On the other hand, sometimes trust might be critical for one user and irrelevant for the other. For instance, the use of a trusted email or a messaging server is normally more important for the recipient rather than the sender.

These facts encourage the use of self-hosted services in a network of peers. However, if we consider the possibility of using offline communications as the base for trust, it further leads us to the idea of a network where particular services of a peer are provided on behalf of one or more other peers that trust the provider. The only question here is how to make such behalf observable and verifiable for the rest of the network?

That’s the place where IPNS should come into play. It provides a way to publish authorized updates in the IPFS peer-to-peer network.

The simplest form in which trusted relationships could be stated on IPNS requires identifier of one peer to be published by the other peer somewhere in its personal IPNS area. However, in order to state the trust as specific to a particular service only we need a way to reference that service along with ID of the peer that provides it on behalf of us. Moreover, it seems reasonable to reference services in their relation to a specific context or a dataset suggesting their usage for a particular purpose. Therefore, we need to define some kind of layout in order to publish all necessary information unambiguously.

Example 1: A personal picture gallery

A network service is defined by a particular protocol that is implemented in software and sometimes in hardware. A protocol, in turn, is usually described elsewhere in human and machine-readable forms with assignment of a unique name and a version number.

In IPFS and other libp2p-based applications a path-like form of a protocol identifier is commonly accepted. Using this form seems very suitable for our task because a path name of a service protocol a) can be naturally placed under a context as a sub-path and b) itself defines a sub-context for any service-related data.

Now, let us try to layout a picture gallery service mentioned above using protocol path names to delimit trust contexts:

/ipns/<PeerID>/ClipArt/
    dir/
        cat_0001.jpg
        dog_0002.jpg
        ...
    convert/
        imagick/v1.0.1/
            endpoints
    app/
        index.html
        js/
        css/
    search/
        filesearch/v1.3.0/
            endpoints

First of all, we see the ClipArt/ directory that states the name of the publication. The pictures themselves can be found under dir/. Next to it is placed the convert/ directory with imagick/v1.0.1/ subdirectory sequence containing the endpoints file. The path of that sequence matches the name-version identifier of a hypothetical “imagick” protocol that might be used to communicate with an image processing service (the name resembles the well-known “ImageMagick” suite). As for the endpoints file, it should contain the list of peers that are trusted by the clip-art publisher to handle the image processing requests.
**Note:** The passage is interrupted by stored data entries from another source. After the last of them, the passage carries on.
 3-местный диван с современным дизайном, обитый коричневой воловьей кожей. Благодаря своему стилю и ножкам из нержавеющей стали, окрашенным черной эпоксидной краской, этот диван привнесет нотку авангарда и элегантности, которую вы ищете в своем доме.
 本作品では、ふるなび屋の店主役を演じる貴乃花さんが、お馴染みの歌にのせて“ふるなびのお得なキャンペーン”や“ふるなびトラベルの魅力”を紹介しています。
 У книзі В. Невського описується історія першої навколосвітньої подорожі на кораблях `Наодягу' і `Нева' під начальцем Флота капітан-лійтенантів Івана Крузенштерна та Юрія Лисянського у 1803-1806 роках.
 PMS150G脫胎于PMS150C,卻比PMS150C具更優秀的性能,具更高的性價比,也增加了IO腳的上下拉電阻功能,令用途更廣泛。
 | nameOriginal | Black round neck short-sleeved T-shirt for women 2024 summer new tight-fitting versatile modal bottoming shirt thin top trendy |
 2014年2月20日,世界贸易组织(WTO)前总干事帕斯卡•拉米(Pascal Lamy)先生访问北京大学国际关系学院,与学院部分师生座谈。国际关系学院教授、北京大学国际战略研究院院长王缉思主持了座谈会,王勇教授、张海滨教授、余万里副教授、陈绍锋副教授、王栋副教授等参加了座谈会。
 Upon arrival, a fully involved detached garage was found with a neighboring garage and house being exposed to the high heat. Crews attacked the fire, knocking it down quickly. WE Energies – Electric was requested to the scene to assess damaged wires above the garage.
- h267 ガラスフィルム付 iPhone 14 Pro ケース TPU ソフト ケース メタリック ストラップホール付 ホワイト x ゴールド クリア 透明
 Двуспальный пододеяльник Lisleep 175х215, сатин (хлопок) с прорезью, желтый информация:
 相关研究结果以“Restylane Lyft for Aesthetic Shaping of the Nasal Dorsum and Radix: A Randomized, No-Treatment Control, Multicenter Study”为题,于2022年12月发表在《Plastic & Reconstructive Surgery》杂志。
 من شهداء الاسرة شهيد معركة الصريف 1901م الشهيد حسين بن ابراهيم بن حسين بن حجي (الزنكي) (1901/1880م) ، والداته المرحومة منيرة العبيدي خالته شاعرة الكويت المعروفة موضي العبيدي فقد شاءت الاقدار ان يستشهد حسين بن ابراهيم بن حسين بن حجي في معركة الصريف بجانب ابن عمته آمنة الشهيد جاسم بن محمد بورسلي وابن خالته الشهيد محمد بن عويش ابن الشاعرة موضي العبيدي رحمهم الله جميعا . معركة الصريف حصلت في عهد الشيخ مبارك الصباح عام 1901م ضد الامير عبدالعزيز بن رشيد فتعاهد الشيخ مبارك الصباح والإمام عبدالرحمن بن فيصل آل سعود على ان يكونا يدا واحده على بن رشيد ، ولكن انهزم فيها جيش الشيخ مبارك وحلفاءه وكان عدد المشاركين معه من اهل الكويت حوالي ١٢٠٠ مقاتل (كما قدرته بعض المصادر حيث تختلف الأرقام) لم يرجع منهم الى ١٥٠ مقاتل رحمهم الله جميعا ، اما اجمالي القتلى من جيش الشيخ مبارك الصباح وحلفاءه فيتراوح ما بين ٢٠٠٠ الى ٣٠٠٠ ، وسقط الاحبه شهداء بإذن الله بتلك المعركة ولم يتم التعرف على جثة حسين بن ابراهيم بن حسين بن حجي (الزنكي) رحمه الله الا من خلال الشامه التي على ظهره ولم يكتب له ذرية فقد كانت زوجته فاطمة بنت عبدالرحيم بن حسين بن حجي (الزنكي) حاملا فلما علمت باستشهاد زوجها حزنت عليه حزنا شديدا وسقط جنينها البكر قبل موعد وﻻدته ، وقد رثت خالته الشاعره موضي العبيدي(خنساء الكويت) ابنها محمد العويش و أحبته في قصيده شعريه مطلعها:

What procedure could be used to access that service? The base idea is the following. When a client software is pointed to /ipns/<PeerID>/ClipArt/convert/ it should search for the endpoints file, trying various paths corresponding to the protocols it supports until a match is found. Then it should try to connect to one of the endpoint peers and use the protocol appropriately.

However, where a compatible client software could be obtained from? Depending on the protocol spread the possible client may or may not be known to the end user. For sake of completeness we assume here that a particular version of a client is shipped along with the gallery in the form of a JavaScript application that uses js-libp2p to communicate with the endpoint peers (the app/ directory in the tree).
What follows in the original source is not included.